Start of Dataset content

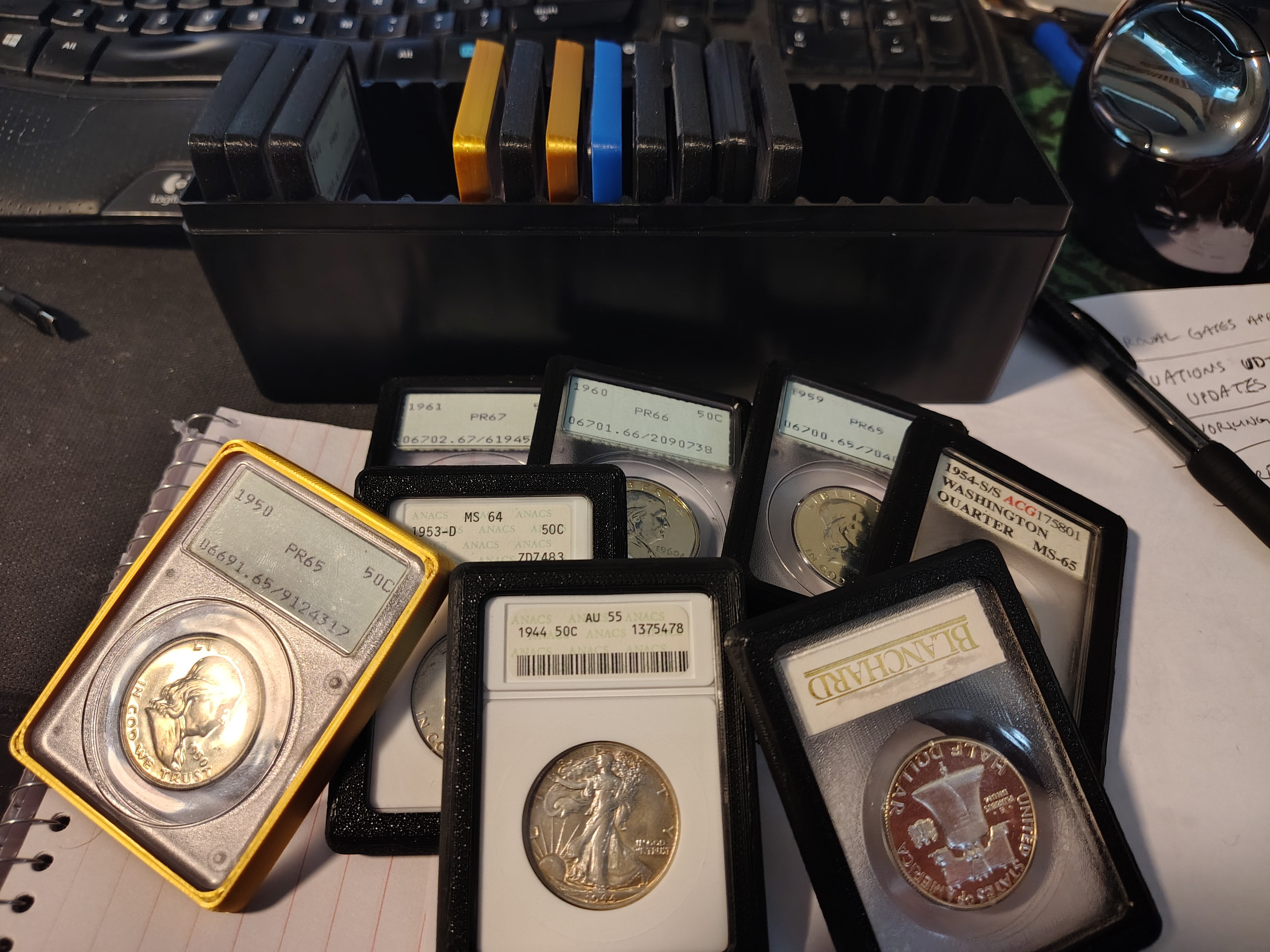 Also, PCGS had a short, cardboard box once upon a time. I find it a very convenient size to carry with me to shows and there's usually someone offering to buy it from me, which tells me that either they would also like something that size or they collect PCGS artifacts. That would be cool, sized to accommodate NGC and CACG.
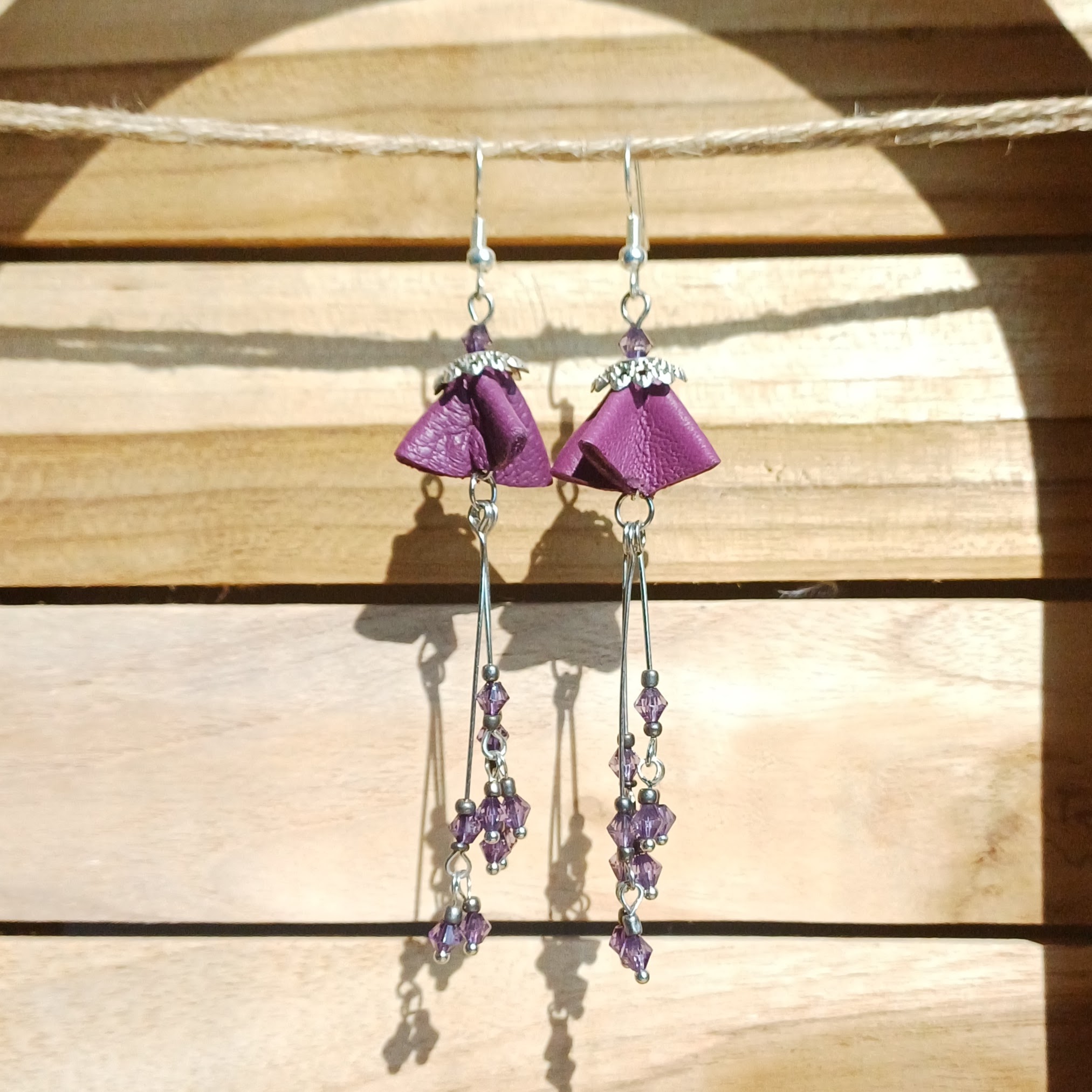Boucles d’oreilles en cuir d’agneau, perles multifacettes en verre et perles de rocailles; apprêts en métal sans chrome ni nickel.
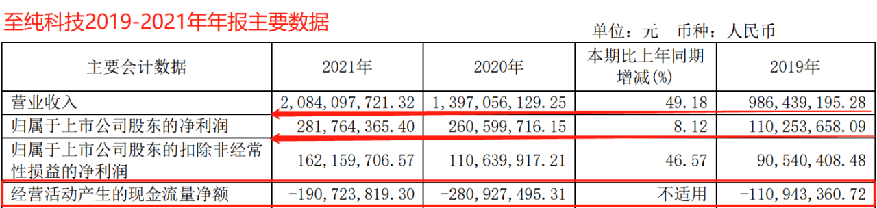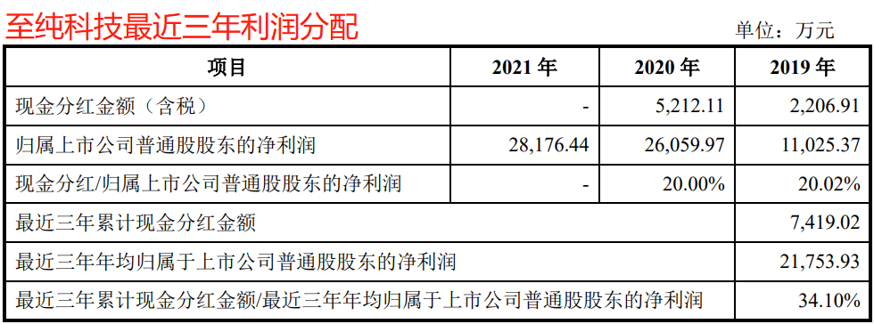 至纯科技对股东的现金回报也显得力不从心。2019年度、2020年度,该公司分别向全体股东现金分红2206.91万元和5212.11万元,2021年没有进行现金分红。

End of Dataset content

* **What you are asked to do**
Return the material as it stands. Leave out the pictures.

* **Answer section**
 Also, PCGS had a short, cardboard box once upon a time. I find it a very convenient size to carry with me to shows and there's usually someone offering to buy it from me, which tells me that either they would also like something that size or they collect PCGS artifacts. That would be cool, sized to accommodate NGC and CACG.
Boucles d’oreilles en cuir d’agneau, perles multifacettes en verre et perles de rocailles; apprêts en métal sans chrome ni nickel.
 至纯科技对股东的现金回报也显得力不从心。2019年度、2020年度,该公司分别向全体股东现金分红2206.91万元和5212.11万元,2021年没有进行现金分红。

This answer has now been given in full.